Records for processing
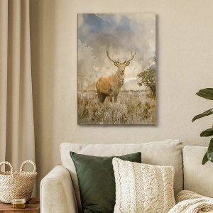 Quadro su tela - Stampe su Tela - Un cervo in un ambiente naturale in stile acquerello - 70x50cm - Dignità - forza - maestosità - Decorazione murale moderna per soggiorno e camera da letto ARTTOR
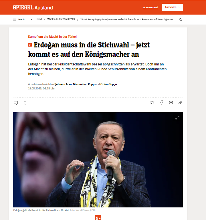 Almanya'da Spiegel dergisi seçimler ilgili haberinde Cumhurbaşkanı Erdoğan'ın cumhurbaşkanı seçiminde beklenenden daha iyi bir performans sergilediğini vurguladı.Haberde, Erdoğan'ın birçok anketin öngördüğünden daha iyi oy oranına ulaştığı ve ikinci tura açık bir şekilde favori olarak girdiği belirtildi. Öte yandan, ilk turda Ata İttifakı cumhurbaşkanı adayı olan Oğan'ın desteğinin ikinci turda "sonucu belirleyici bir güç" olacağı öne sürüldü.
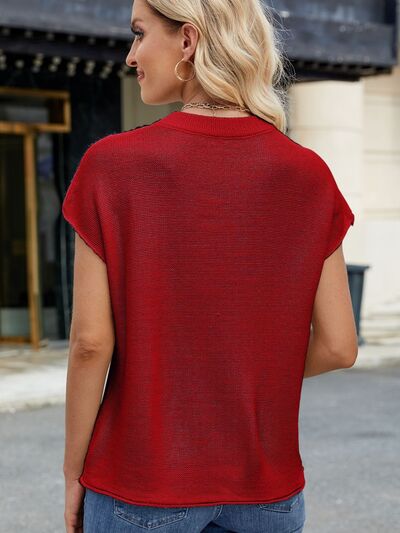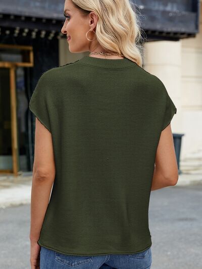 Exposed Seam Round Neck Short Sleeve Sweater
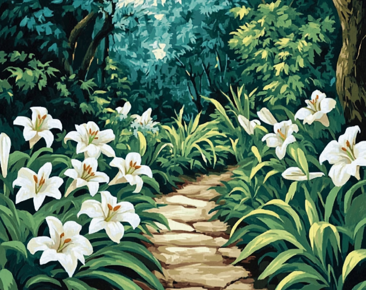 مسیر سنگفرشی باریک میان درختان و سوسنهای سفید، در فضایی آرام و دلانگیز.
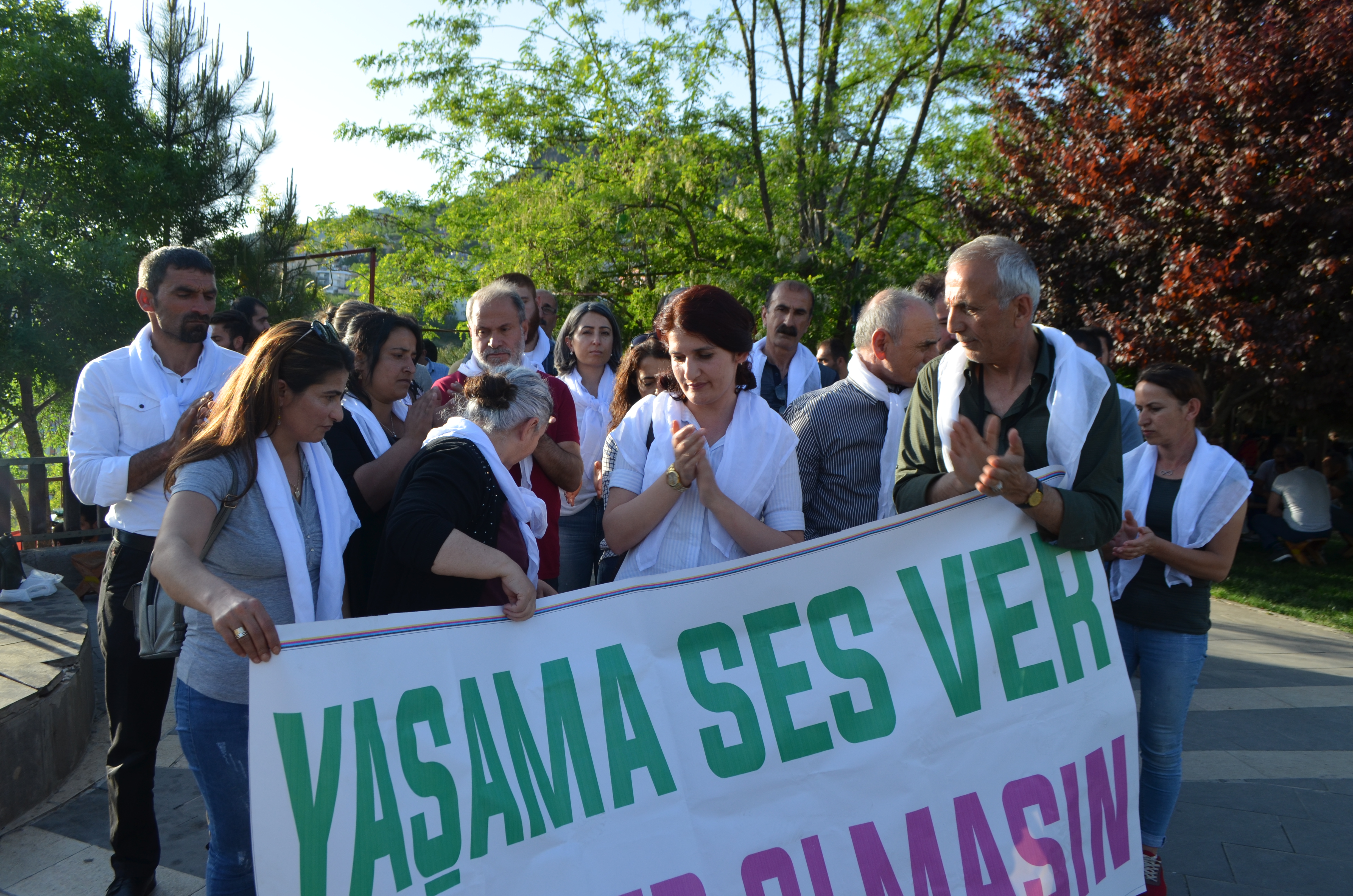 Seyit Rıza Meydanı’nda gerçekleşen eyleme siyasi parti ve kurum temsilcileri, çocukları açlık grevinde olan anneler, yurttaşlar ve Halkların Demokratik Partisi Diyarbakır Milletvekili Semra Güzel katıldı.
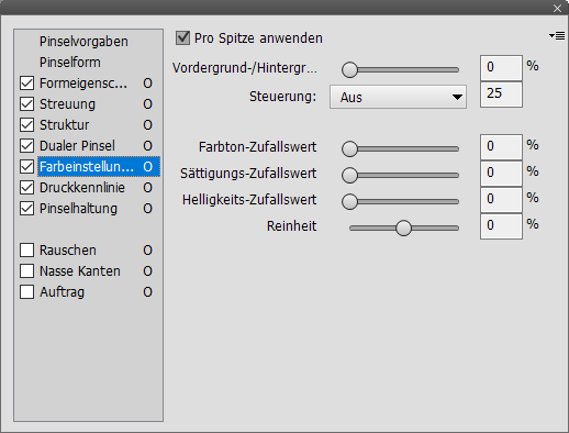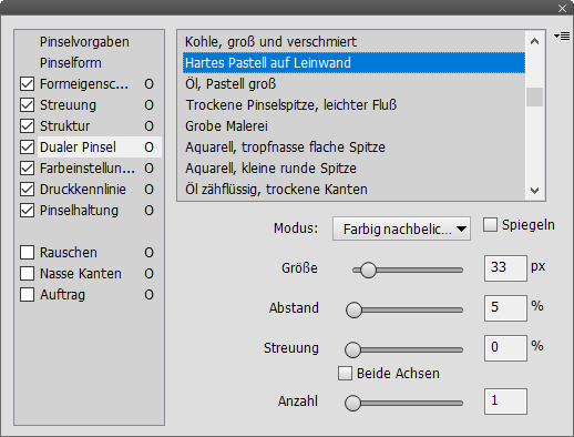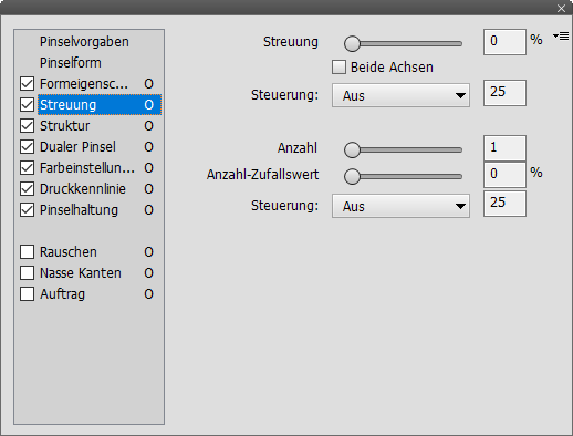 wird. Die Einstellungen hier sind ähnlich wie unter Pinselform und Streuung.
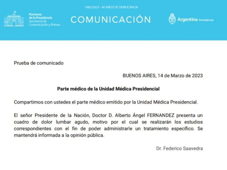"El señor Presidente de la Nación, Doctor D. Alberto Ángel Fernández, presenta un cuadro de dolor lumbar agudo, motivo por el cual se realizarán estudios correspondientes con el fin de poder administrarle un tratamiento específico", explica el comunicado oficial publicado por la Portavoz de la Presidencia.
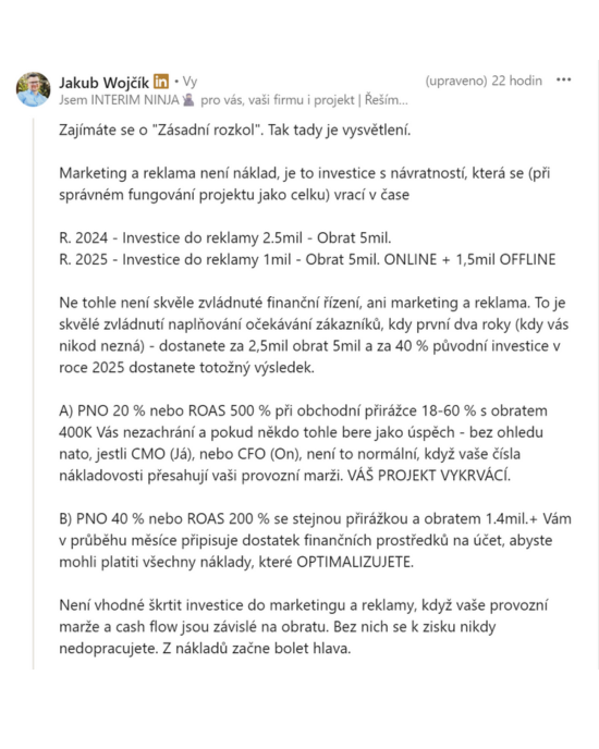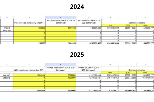 Investice do reklamy R. 2024 - 2,5mil -obrat 5mil
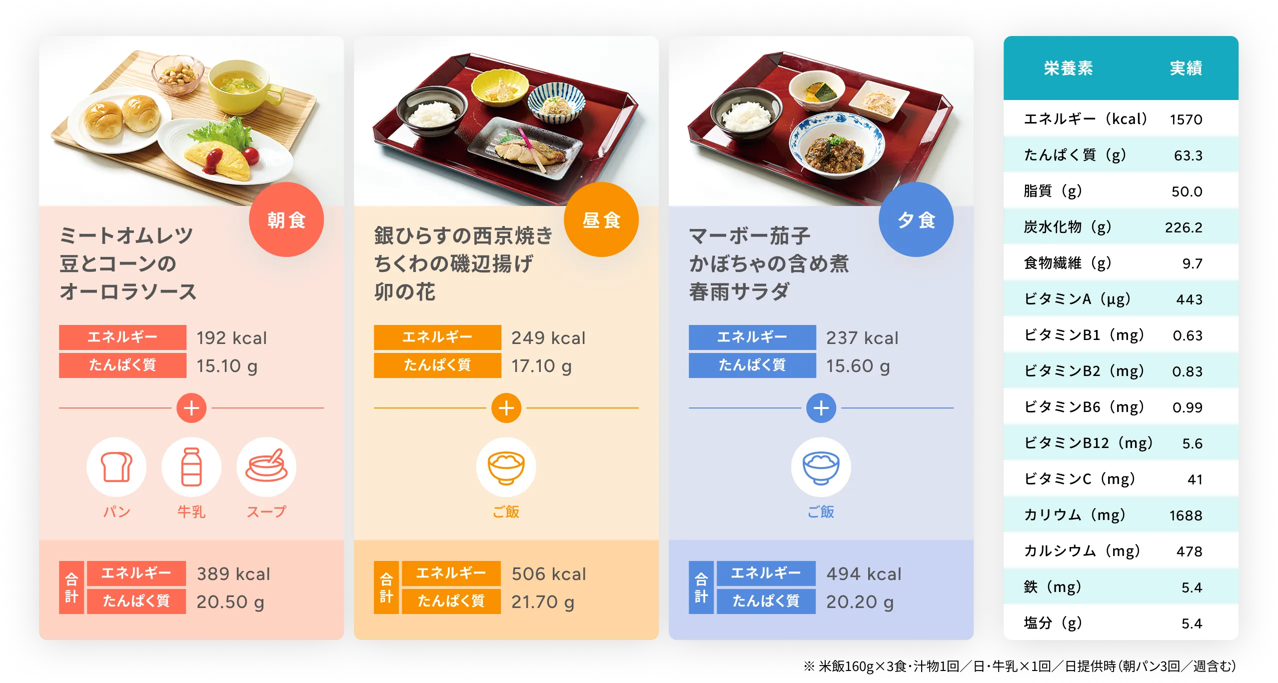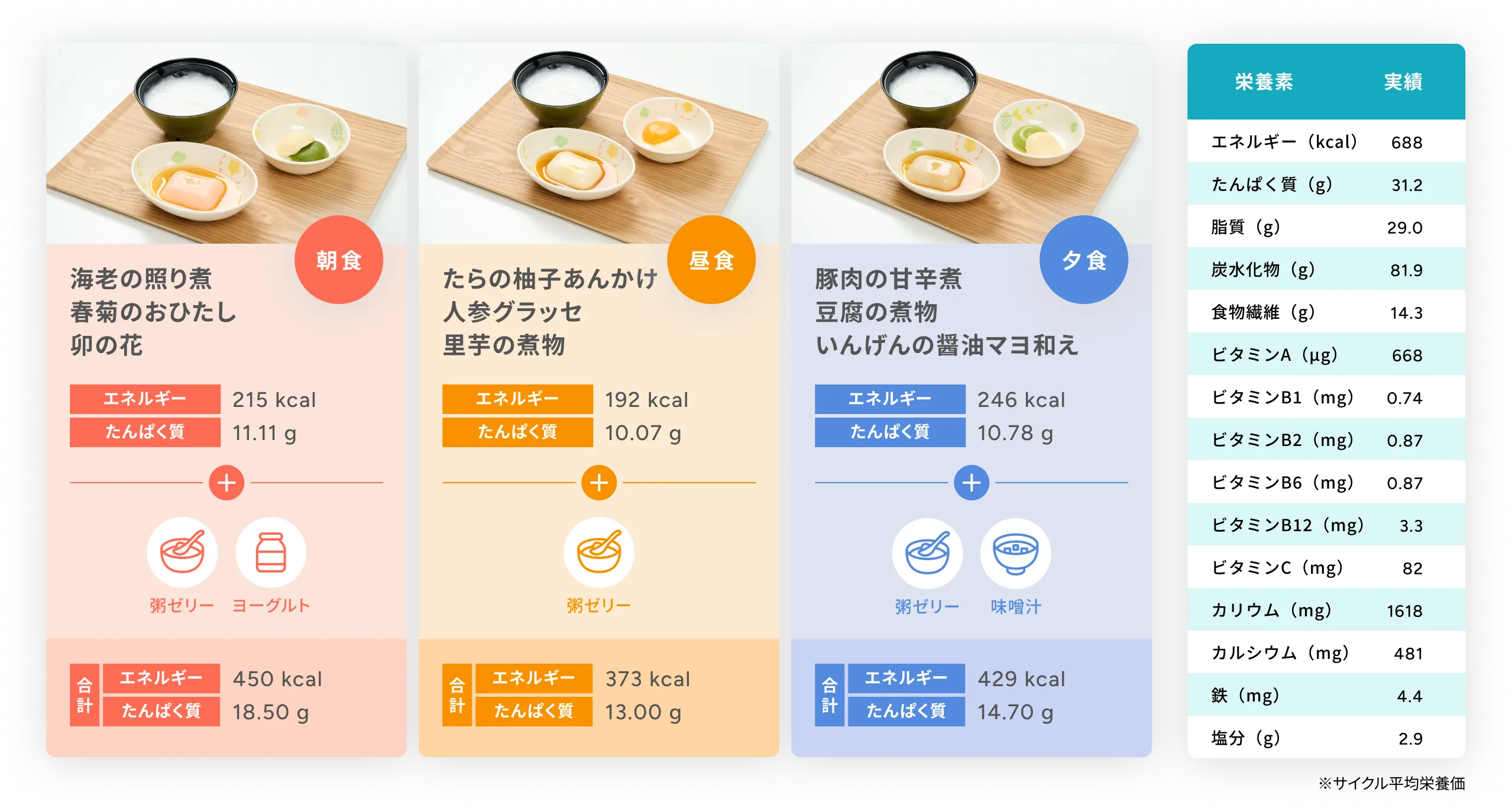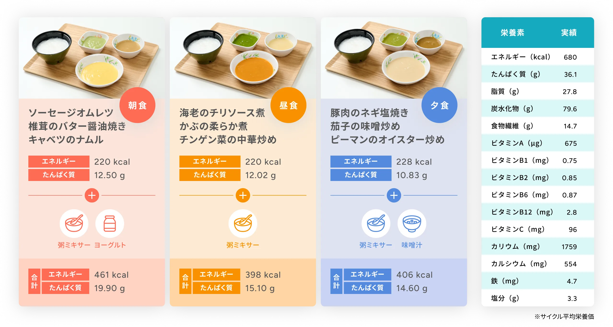 こちらのサンプル献立はそのままでも、さまざまな食種に合わせて展開する上でのベースとしてもお使いいただけます。

What you have to do
Without any pictures, please write out the lines from the one containing "wird. Die Einstellungen" through the final line of the data, exactly and inclusive of both ends.

Answer box
 wird. Die Einstellungen hier sind ähnlich wie unter Pinselform und Streuung.
"El señor Presidente de la Nación, Doctor D. Alberto Ángel Fernández, presenta un cuadro de dolor lumbar agudo, motivo por el cual se realizarán estudios correspondientes con el fin de poder administrarle un tratamiento específico", explica el comunicado oficial publicado por la Portavoz de la Presidencia.
 Investice do reklamy R. 2024 - 2,5mil -obrat 5mil
 こちらのサンプル献立はそのままでも、さまざまな食種に合わせて展開する上でのベースとしてもお使いいただけます。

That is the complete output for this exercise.